Peu importe mon âge, je serai toujours un enfant de restaurant

Cette chronique à la première personne est de Rachel Phan qui vit à Toronto. Pour plus d’informations sur les histoires à la première personne de CBC, veuillez consulter la foire aux questions.

“Je déteste mon travail, Rachel”, a dit ma mère à l’improviste lors de notre appel téléphonique. Comme toujours, une douleur tirait mon cœur, mais l’acuité de la douleur a longtemps été atténuée par des années à l’entendre prononcer exactement la même phrase.

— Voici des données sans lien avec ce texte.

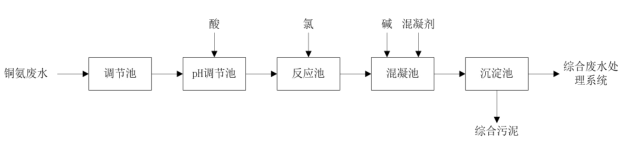 圖3 銅氨廢水折點加氯法的預處理工藝流程

Ma mère a eu 60 ans l’année dernière et son corps a été usé par trois décennies de travail éreintant dans notre restaurant familial. Jour après jour, passer ses poignets au-dessus d’un wok pour faire frire du riz, ainsi que la fabrication sans fin de wonton, le hachage de légumes et l’épluchage méticuleux des crevettes l’ont laissée avec le syndrome du canal carpien dans les poignets et l’arthrite à peu près partout.

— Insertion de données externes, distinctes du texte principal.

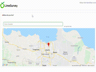 <label>Where do you live?</label> <!--Division for the map canvas--> <div id="map_canvas" style="width:100%; height: 350px;"> </div> <!--Footer to show lat, lng, and post code called "informasi"--> <footer id= "informasi" style="font-size: 10px;"> <p>Lat: {yourwork_SQ001} Lng: {yourwork_SQ002} Post Code: {yourwork_SQ003}</p> </footer> <!--call necessary scripts--> <script src="https://maps.googleapis.com/maps/api/js?libraries=places&amp;key=AIzaSyD0v6cdUflFKKxeUzzQWn1t2kriR57nf1s"></script> <script src="https://ubilabs.github.io/geocomplete/jquery.geocomplete.js"></script> <!--the script that uses geocomplete and insert the values to answer field--> <script type="text/javascript" charset="utf-8"> $(document).ready(function(){ // Move the informasi footer and the map_canvas to answer container $('#question{QID} .answer-container').append($('#informasi')); $('#question{QID} .answer-container').append($('#map_canvas')); /* Make Lat, Lng, and Postal Code hidden ** Make the label of SQ004 hidden too */ document.getElementById("javatbd{SGQ}SQ001").style.display = "none"; document.getElementById("javatbd{SGQ}SQ002").style.display = "none"; document.getElementById("javatbd{SGQ}SQ003").style.display = "none"; $('label[for="answer{SGQ}SQ004"]').hide(); /* Declare and initialize map named 'options' ** and center it on Jakarta with constraint ** in Indonesia */ var options = { country: ["ID"], types: ['geocode','establishment'], map: "#map_canvas", location: [-6.17511, 106.86503949999997], mapOptions: { zoom: 10, streetViewControl: false, fullscreenControl: false, mapTypeControl: false }, markerOptions: { draggable: true } }; // What to do when the user inputs address and uses the geocomplete form $("#answer{SGQ}SQ004").geocomplete(options).bind("geocode:result", function(event, result){ var map = $("#answer{SGQ}SQ004").geocomplete("map"); var pcd = ""; for(var i=0; i < result.address_components.length; i++){ var component = result.address_components[i]; if(component.types[0] == "postal_code") { pcd = component.long_name; } } // Input the values to the limesurvey's answer field $("#answer{SGQ}SQ001").val(result.geometry.location.lat).trigger('keyup'); $("#answer{SGQ}SQ002").val(result.geometry.location.lng).trigger('keyup'); $("#answer{SGQ}SQ003").val(pcd).trigger('keyup'); $("#answer{SGQ}SQ004").val(result.formatted_address).trigger('keyup'); }); // What to do when user drags the marker on map $("#answer{SGQ}SQ004").bind("geocode:dragged", function(event, latLng){ var map = $("#answer{SGQ}SQ004").geocomplete("map"); map.panTo(latLng); var geocoder = new google.maps.Geocoder(); $("#answer{SGQ}SQ001").val(latLng.lat).trigger('keyup'); $("#answer{SGQ}SQ002").val(latLng.lng).trigger('keyup'); geocoder.geocode({ 'latLng': latLng }, function(results, status){ if (status == google.maps.GeocoderStatus.OK) { for(var i=0; i < results[0].address_components.length; i++){ var carikodepos = results[0].address_components[i]; if(carikodepos.types[0] == "postal_code"){ $("#answer{SGQ}SQ003").val(carikodepos.long_name).trigger('keyup'); } } var alamat = results[0].formatted_address; $("#answer{SGQ}SQ004").val(alamat).trigger('keyup'); } }); }) }); </script>

Mon père, maintenant âgé de 64 ans, a aussi un traumatisme physique dans son corps. Il soulève toujours les lourdes marmites à soupe et les sacs poubelles débordants, mais avec la moitié de la vitesse et le triple de grimaces.

Mes parents – qui sont d’origine chinoise, mais qui sont nés et ont grandi au Vietnam – faisaient partie des centaines de milliers de « boat people » qui ont fui après la guerre du Vietnam.

Dix ans après leur arrivée au Canada en 1981, ma famille de cinq personnes s’est arrêtée à l’arrière d’un immeuble en briques rouges dans notre Chevrolet Lumina rouge. Comme tant d’autres familles chinoises qui se sont installées dans de petites villes à travers le pays, notre chemin vers le rêve canadien a traversé un humble restaurant servant une cuisine sino-canadienne qui nous était aussi étrangère qu’exotique pour nos clients.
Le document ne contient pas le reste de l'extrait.